EUR/USD Hot Forecast, 11 January 2021
EURUSD is sustaining a negative tone today after plotting two bearish daily. EUR/USD has dropped below 1.22, the lowest in three weeks. Rising US yields and the Fed’s reluctance to act are boosting the dollar. Covid developments are eyed.
EUR/USD BREAKS BELOW ASCENDING TRENDLINE
The Euro is becoming more bearish against the Greenback despite the long-term bullish trend.

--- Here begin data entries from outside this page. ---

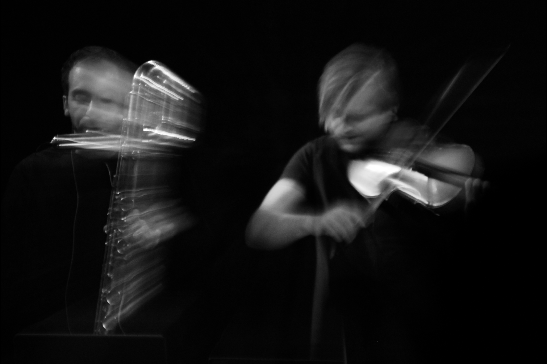 Der polnische Bratschist und Komponist Rafał Dominik Zalech, 1988 in Breslau geboren, studierte an der Musikuniversität Wien Viola bei Wolfgang Klos und Komposition bei Karlheinz Essl, sowie an der Yale University und in Breslau. Als Solist und Kammermusiker ist er vor allem in der Szene der Neuen Musik aktiv und auch immer wieder mit dem Klangforum Wien zu hören. Alessandro Baticci wiederum ist Mitglied und Mitbegründer des Black Page Orchestra, ein Wiener Kollektiv für radikalie kompromisslose Musik unserer Zeit, und bewegt sich als freischaffender Flötist, Komponist und Performer im Bereich der zeitgenössischen und experimentellen Musik sowie der Sound Art. Für seine Kompositionen erhielt er u.a. einen Preis beim Ernst Krenek Wettbewerb.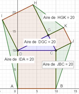 triangles en vert ont la même aire que le triangle originel DCG. Bien noter Ils ne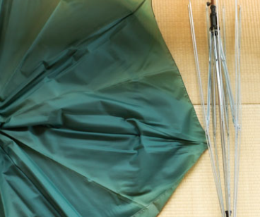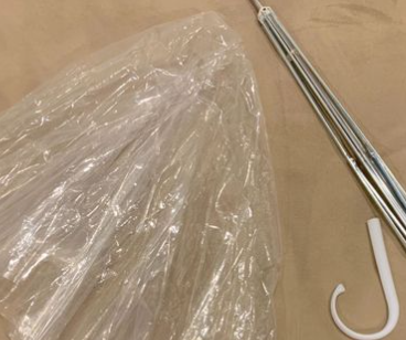 1. 우산의 비닐 또는 천 부분과 철로 된 살과 대를 분리합니다.
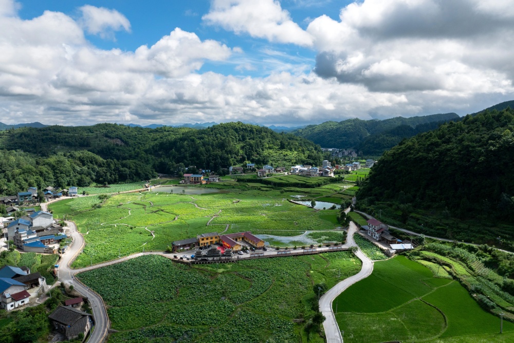 盛夏時(shí)節(jié),貴州省黔東南州岑鞏縣客樓鎮(zhèn)下寨村的三百畝荷花競(jìng)相綻放,與周邊的民居、公路、群山相映成趣,美不勝收。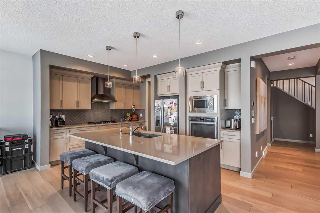 Visit this impressive home in a cul-de-sac location, backing onto the Mahogany Wetlands! This family home boasts over 4,100 square feet of developed space, featuring an expansive, open plan perfect for entertaining. Ideal for a large family, the home offers 4 bedrooms on the upper level and an additional one in the lower, walkout basement. The included Kinetico Water System provides excellent water quality in the home. Kitchen features a counter top gas range, stainless steel appliances, a large island with double sink and slide outs in the cabinets. The fully finished basement, professionally developed in 2019, adds to the allure and makes a great place for family guests, senior family members or teenagers to stay. Stay warm during chilly days with the aid of two furnaces. A full deck spanning the back of the home provides ample space to relish the natural settings. For those rainy days, a large, covered patio area from the walkout basement becomes an ideal space for kids to play. Garage is wired for EV recharging. Recent work, totaling over $15,000 has been undertaken to address issues found during a pre-inspection. Bring your own inspector to confirm the quality and excellence of this remarkable home. Work from home in the secure office space in the basement.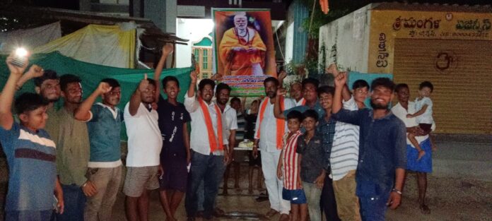 మండల పరిధిలోని పోకలగూడెం గ్రామంలో ఆదివారం మండల బీజేపీ శ్రేణుల ఆధ్వర్యంలో నరేంద్ర మోధీ మూడవసారి ప్రధానమంత్రిగా ప్రమాణ స్వీకారం చేసిన సందర్భంగా ఆయన చిత్రపటానికి పాలాభిషేకం చేసి, ఒకరికొకరు స్వీట్లు పంచుకుంటూ శుభాకాంక్షలు తెలుపుకున్నారు. అనంతరం పెద్ద ఎత్తున బాణాసంచా కాల్చి సంబురాలు జరుపుకున్నారు. ఈ సందర్భంగా మండల బీజేపీ నాయకులు గుగులోత్ శ్రీను మాట్లాడుతూ కేంద్ర మంత్రులుగా బండి సంజయ్, కిషన్ రెడ్డిలకు శుభాకాంక్షలు తెలుపుతున్నానని, మూడోసారి ప్రధానమంత్రిగా ప్రమాణ స్వీకారం చేసిన మోధీ నాలుగోసారి ప్రధానమంత్రిగా చూడాలన్నదే నా కోరిక అని అన్నారు. ఈ కార్యక్రమంలో పోకలగూడెం బీజేపీ నాయకులు, కార్యకర్తలు, తదితరులు పాల్గొన్నారు.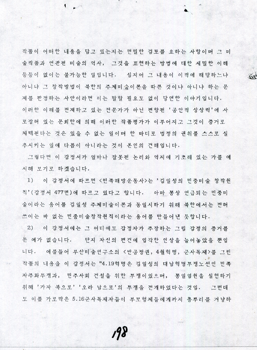 [걸개그림 민족해방운동사 아카이브] "민족해방운동사 이적성향 감정서" (1989.08/서울대공전술연구소)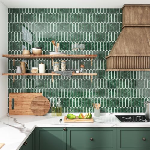 VEELIKE Lång fiskfjäll väggplattor självhäftande plattor för kök skala av och klistra fast kakel stänkskydd grön vinyl väggplattor klistermärken 6 ark självhäftande badrumsplattor vattentäta avtagbara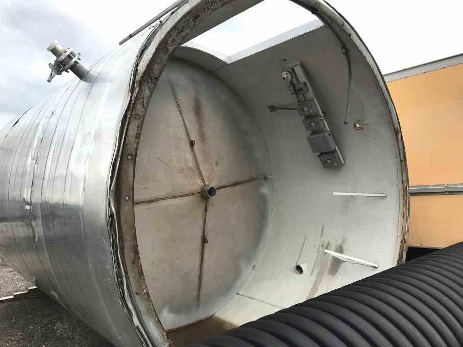 Used 6000 Gallon Stainless Steel tank. Flat top, Cone bottom. 10' dia. x 10' T/T, mounted on 6' Skirt. Insulated. 4" center bottom outlet and also has 3" outlet a few feet up the cone on bottom. 17' overall height. Last stored liquid sugar in sanitary food plant.

The surge in EUR/USD seen since the beginning of November created an ascending trendline marked by connecting the higher lows, but this has now been broken to the downside as the pair struggles to remain above 1.20.This price reversal is mostly due to a strong comeback in the US Dollar.
However, bearish MACD divergence suggests that the exchange rates rally since November could be running out strength . The MACD histogram’s notable decline in recent days also hints a fading bullish momentum.
A convincing break below the December 23 low (1.2155) would probably cause a stronger bearish run towards the support/resistance line seen at the beginning of December (1.2120). This would further increase the notion that the path of least resistance is lower, possibly testing the 1.20 psychological line.
Alternatively, a break above 1.2270 could see buyers regain control in an attempt to bring EUR/USD above the ascending trendline, aiming for the December high at 1.2350.